Hey peeps, a lot of things have happened since the last post which is why I haven't been on Live Journal in a long ass time. I'm going to fill all of you in for the most part but it's going to be a somewhat long entry so bear with me here. I've also done the commenting I could as far as I know and those that have removed me: Sorry I couldn't be on to update and comment. Shit happens and most of you that add/remove people are probably people that just want high numbers of comments and shit so fuck off To those that have kept me thanks for that, yeah I know I've been pretty bad with commenting and stuff but you all know why.

Everything with my friends have been somewhat okay, though a lot of people have given me a lot of disappointment issues. When someone does fail to meet certain expectations my effort levels does die a little for them. I've made some new friends and they've been good to me and it's hard since it has been a while since I've actually pushed for making new friends but the problem is I'm putting in 100% and my return rate is lower than 10% which is bad for me.

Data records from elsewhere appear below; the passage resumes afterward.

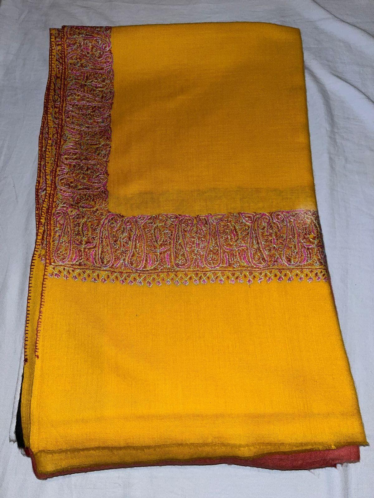 Yellow Semi Pashmina Kashmiri Shawl, Doordaar Embroidery Work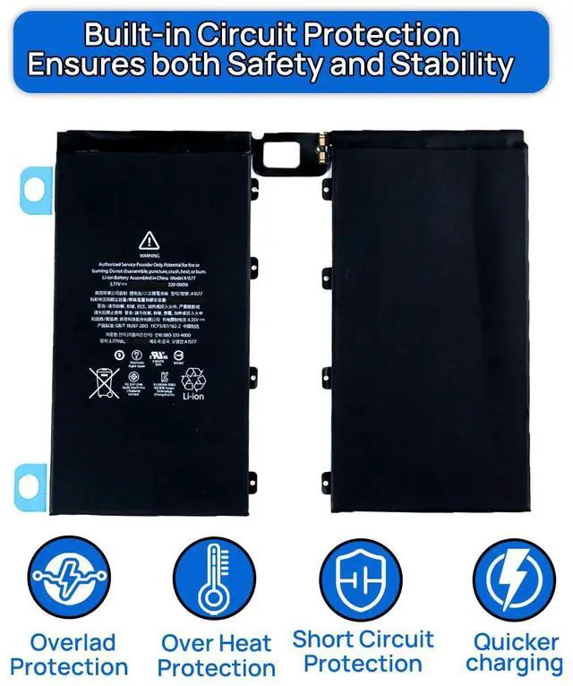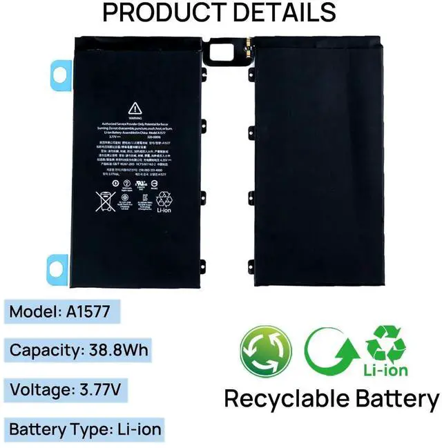 Battery SpecificationsModel:A1577 ; Battery Type: Rechargeble Li-ion; Capacity: 38.8 Wh/10307mAh; Voltage: 3.77V; Battery life: Up to 500 recharge cycles.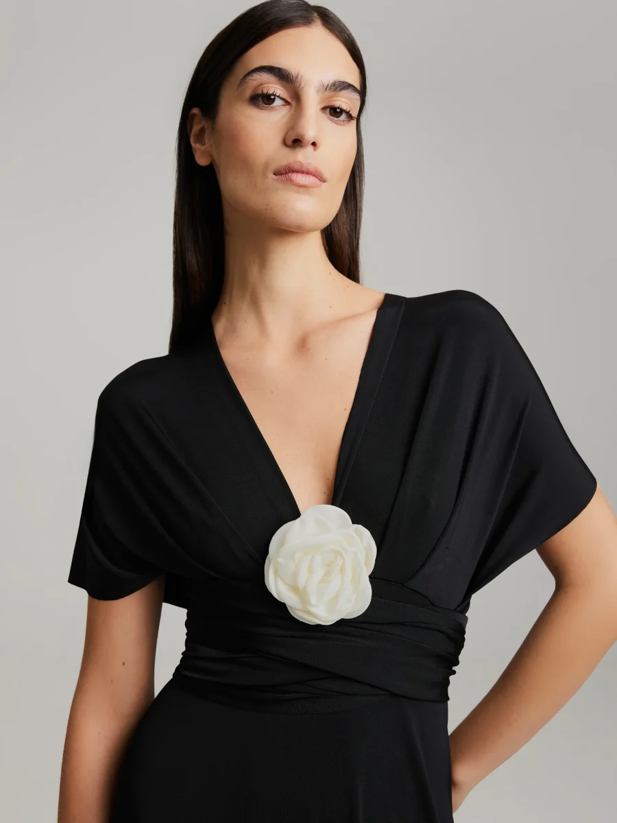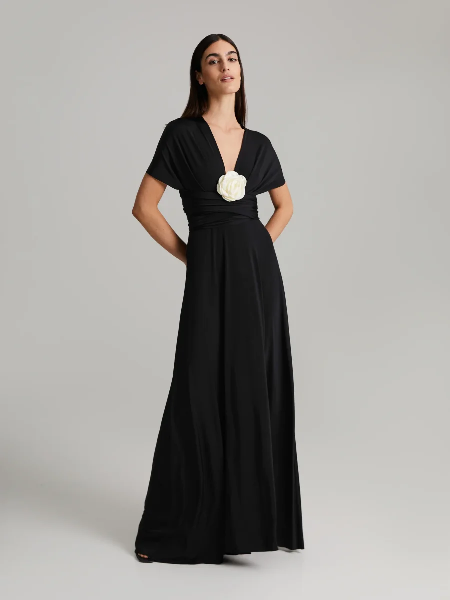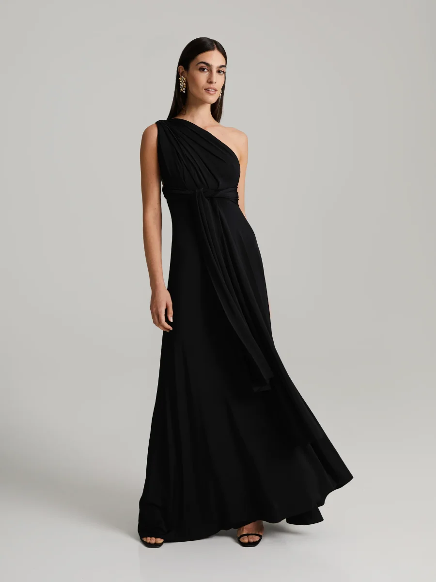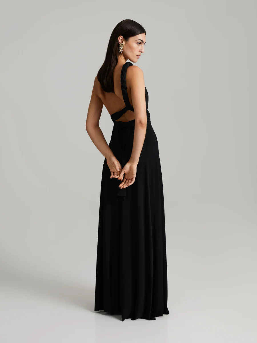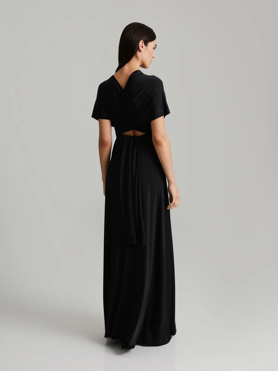 Maxiklänning i elastisk stretchjersey. Långa, mångsidiga axelband ger möjlighet att skapa din egen unika look.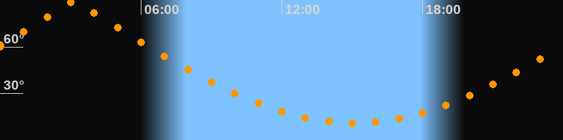 | Höchster Stand (Kulmination) | 03:08 Uhr (h = 89,5°) |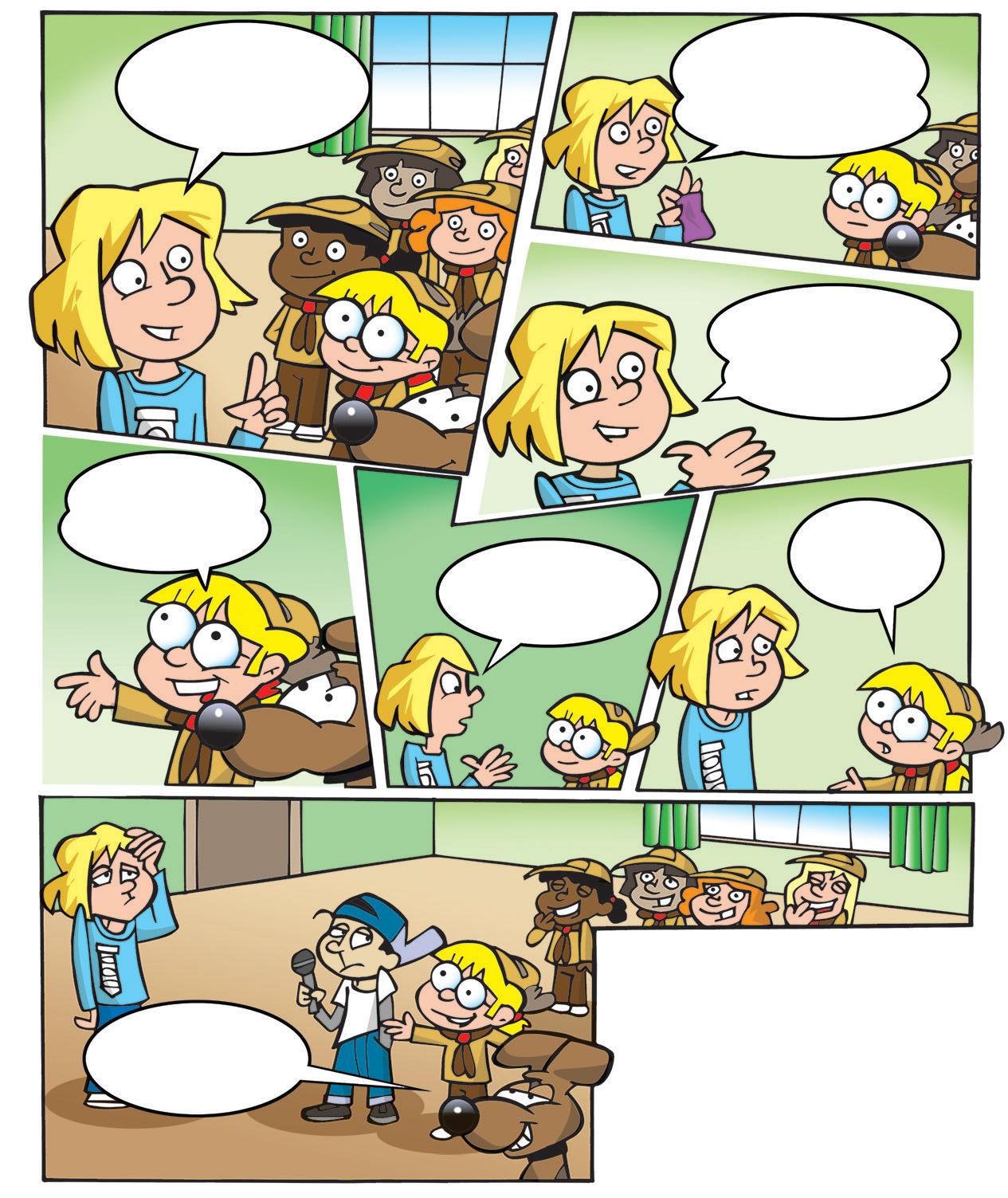 1 There is a bird in the sky. 2 There is an extra cloud. 3 The word ‘dead’ has changed to ‘alive’ in the speech bubble. 4 The sign to Emmaus has changed to one mile. 5 There is an extra tree in the background. PATCH’S PROBLEM: Page 14. GIGGLE IN THE MIDDLE

I'm also tired of people blowing me off and I know I do that too but it's not like I purposely do it, I rarely do it so let me put it that way.

I think I have some sort of depression, I haven't been happy period. I get short burst of joy that last less than 24 hours. At the end of the day when all things are done I just get sad and upset. I refuse to go see any sort of doctor or whatever because of two reasons, I don't have health insurance and I don't want to be medicated. Mainly because I don't really believe in anti-depressants but that's just me. I can get through this crap on my own regardless of whatever is going on. I know why I'm depressed or think I know why. It's just the collaboration of my friends, my love life, my family, and how I think I'm going to fail at life. I think I'm going to fail as an accountant. Which is why I have this eBay thing going, it's my back up in case I fail out of school or something and it worries me. I've stepped up my game for the most part for school because my mom is working hard for me to be in school and I know the difficulties she's overcome in order to get me here and I don't want to waste that. I'm doing everything I can to help and support her right now but it's so hard. I hate my life so much right now, often times I just wish it would all just stop but I know I can't let it be that way because who would care for my friends and my family? That's what worries me.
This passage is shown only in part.